Former Charlton Athletic and England footballer Derek Ufton has died at the age of 92.
The doubly talented sportsman – he also scored 3,915 runs and claimed 313 scalps as wicketkeeper for Kent over three decades – was a one-club man in both careers.
Crayford-born Derek had gone to Dartford Grammar School where he was taught PE by Joe Jagger, Mick’s father.
His playing heyday was between the late 1940s and early 1960s, and he went on to manage Plymouth Argyle between 1965 and 1968.
He won a sole England football cap in 1953 against a Rest of the World team.
Derek dislocated his shoulder at least 20 times during his playing days, most notably during an epic encounter with Huddersfield Town at The Valley in December 1957.
He was forced off the field with just 17 minutes played – but his side went on to come from 5-1 behind to earn a legendary 7-6 victory.
Derek also served as manager of Plymouth Argyle for a three-year period from 1965, taking charge of 115 games in total.
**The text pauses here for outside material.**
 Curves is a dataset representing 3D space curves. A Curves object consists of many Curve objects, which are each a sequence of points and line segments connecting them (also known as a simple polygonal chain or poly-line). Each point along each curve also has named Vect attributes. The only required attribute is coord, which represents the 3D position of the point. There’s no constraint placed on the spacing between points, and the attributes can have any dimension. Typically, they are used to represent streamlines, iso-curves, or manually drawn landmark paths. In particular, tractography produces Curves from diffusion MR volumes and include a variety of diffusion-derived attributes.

Ufton won his county cricket cap in 1956 and made 149 first-class appearances for Kent in his whites.
He was understudy behind the stumps to Godfrey Evans but with the bat his 3,915 runs were at an average of 20.01.
Of his 313 victims, 269 were caught and 44 stumped.
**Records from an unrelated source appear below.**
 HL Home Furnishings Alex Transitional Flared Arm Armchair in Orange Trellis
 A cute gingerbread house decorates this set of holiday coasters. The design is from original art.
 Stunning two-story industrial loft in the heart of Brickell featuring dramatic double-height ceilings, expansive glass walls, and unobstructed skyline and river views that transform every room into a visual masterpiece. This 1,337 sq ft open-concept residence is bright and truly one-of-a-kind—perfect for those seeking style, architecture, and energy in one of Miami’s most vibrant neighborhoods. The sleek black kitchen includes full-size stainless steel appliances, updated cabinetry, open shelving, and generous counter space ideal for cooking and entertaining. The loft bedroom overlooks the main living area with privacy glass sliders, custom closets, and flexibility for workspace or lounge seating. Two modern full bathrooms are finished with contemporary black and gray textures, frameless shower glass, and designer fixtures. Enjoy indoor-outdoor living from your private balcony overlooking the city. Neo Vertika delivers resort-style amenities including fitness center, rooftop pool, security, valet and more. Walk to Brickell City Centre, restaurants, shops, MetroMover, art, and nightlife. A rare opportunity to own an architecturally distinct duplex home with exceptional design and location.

His most successful season was 1961, when he scored 668 runs and accounted for 90 opponents behind the stumps.
In later life he served as national chairman of the Lord’s Taverners cricket charity.
The 92-year-old died peacefully in his sleep.
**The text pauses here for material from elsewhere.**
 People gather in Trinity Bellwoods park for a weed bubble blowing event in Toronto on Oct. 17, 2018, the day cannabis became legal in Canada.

After his playing days, Derek continued to give to both sports.
As well as serving Charlton as a director for 25 years, he was a regular at The Valley until lockdown prevented him from attending games in 2020.
He was a member of Kent Cricket’s main committee from 1978 to 1983, and from 1985 to 2000, and became president of the club, in succession to Colin Cowdrey, in 2001.
“I’ve never heard anyone say a bad word about him,” said Charlton club ambassador Keith Peacock.
“He was a wonderful man and a gentleman – thoughtful, kind and very intelligent.
“Derek was so unique in that there were very few people who could play at a very high level in football or cricket and he managed both, which shows you what an all-round sportsman he was.
“He had so many stories that he could remember, even until recently, and he was just interesting to speak to.
“He also always had his opinion on the players of today, particularly the centre-halves!
“It was an honour just to be around him and to have him be such a big part of Charlton and he will always be remembered.”
A Kent cricket statement said: “Derek and wife Judy were very regular visitors to The Spitfire Ground, St Lawrence from their home in Eltham, and all the many people who wanted to stop and talk to him were greeted with a cheery smile and a tremendous fund of stories.
“Kent will be a much poorer place without him.”